Jumio Estate, Shareholders Reach Deal in Bankruptcy Battle

Submitted by ckanon@abi.org on
Jumio Inc.’s former shareholders and the estate the online-identification-verification company left behind in bankruptcy have reached a broad settlement that winds down its bankruptcy, pays legal fees and protects Facebook Inc. co-founder Eduardo Saverin and other investors from future lawsuits stemming from the contentious chapter 11 case, The Wall Street Journal reported yesterday. Jumio’s lawyer disclosed the outline of the complex deal, which took nearly 10 weeks to hammer out, during a bankruptcy court hearing in Wilmington, Del. The settlement is still subject to final approval from Judge Brendan Shannon. Jumio’s bankruptcy and subsequent sale inspired heated rhetoric and courtroom battles with shareholders, who faced being wiped out. Monday’s settlement leaves those shareholders with a trust intended to fund lawsuits against Jumio’s former officers and directors that, if successful, could one day help improve their recovery. The sale of Jumio’s core operating assets left behind a corporate shell with the rights to pursue certain lawsuits against Jumio’s former management and board members, which shareholders say may be the bankruptcy estate’s largest assets. Jumio filed for bankruptcy on March 21 and is under investigation by the Securities and Exchange Commission over stock trades by former executives. The investigation and scrutiny of its financials scared off new investments and left the company with little choice but to seek chapter 11 protection.

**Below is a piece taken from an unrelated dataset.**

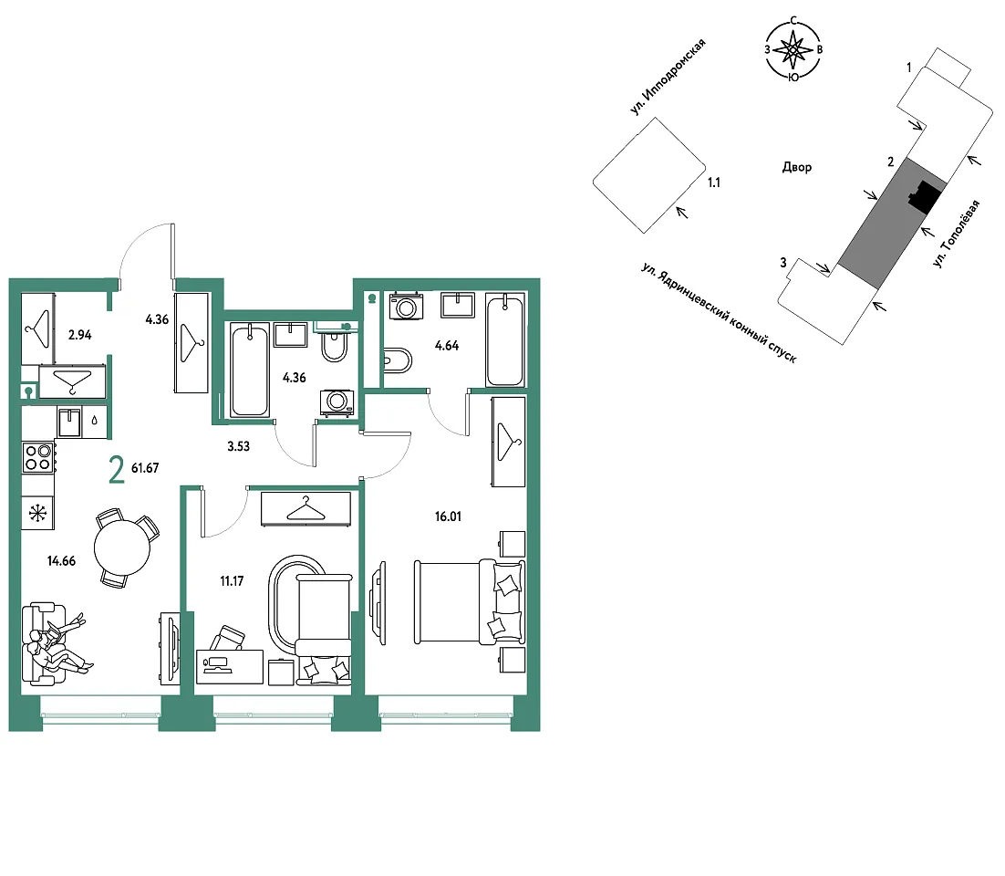 Купить новую двухкомнатную квартиру 61.67 м² на 2/9 этаже в ЖК «Страна.Тополёвая», г. Тюмень за 13423529 ₽ | Агентство недвижимости «Вплюсе.Топ» — Недвижимость России

Here's How Much Faster U.S. Companies Are Defaulting Than a Year Ago

Submitted by ckanon@abi.org on
U.S. companies are failing to make debt payments at twice the pace they were a year ago and what’s worse, nearly eight months into 2016, there are already more defaults this year then there were in all of 2015, Fortune reported today. The data comes from a new report from Standard & Poors. In the past week, the number of U.S. companies that have failed to make debt payments rose by four to 71 — more than double the 34 U.S. companies that had defaulted at this time in 2015. None of the new defaults were big companies. Around the world, the number of corporate defaults reached 104 in 2016. That’s the fastest pace of defaults since the financial crisis. At least for now, the good news is that, in the immortal words of Ben Bernanke, the default crisis appears to be contained. Nonetheless, there have been some notable defaults this year outside of energy, among them New York supermarket chain Fairway, which filed for bankruptcy, and mall staple Claire’s Stores, which restructured its debt.

Singapore Seeks U.S. Chapter 11 Prowess in Bankruptcy Reform

Submitted by jhartgen@abi.org on

Singapore is seeking to enhance its position as a center for debt restructuring by giving its insolvency law some of the powers of the U.S. Bankruptcy Code’s Chapter 11, just as companies worldwide default on bonds at the fastest pace since the global financial crisis, Bloomberg News reported yesterday. The government has “broadly accepted” 17 recommendations submitted by a committee after a yearlong review, the Ministry of Law said in a statement. Those include offering automatic stay of legal and enforcement actions for debtors, creating a bench of specialist judges for its bankruptcy court and increasing rescue-financing capital by enticing distressed-debt funds and private equity firms to set up shop in the city-state. “We have all the basic building blocks for dealing with restructuring and we see that Singapore will be able to fill this space,” Indranee Rajah, senior minister of state for law, told reporters on Wednesday. “Singapore should not just be a debt restructuring place for Singapore companies and businesses but a global debt restructuring center much in the way as New York and London. We should be playing that role to the region and beyond.”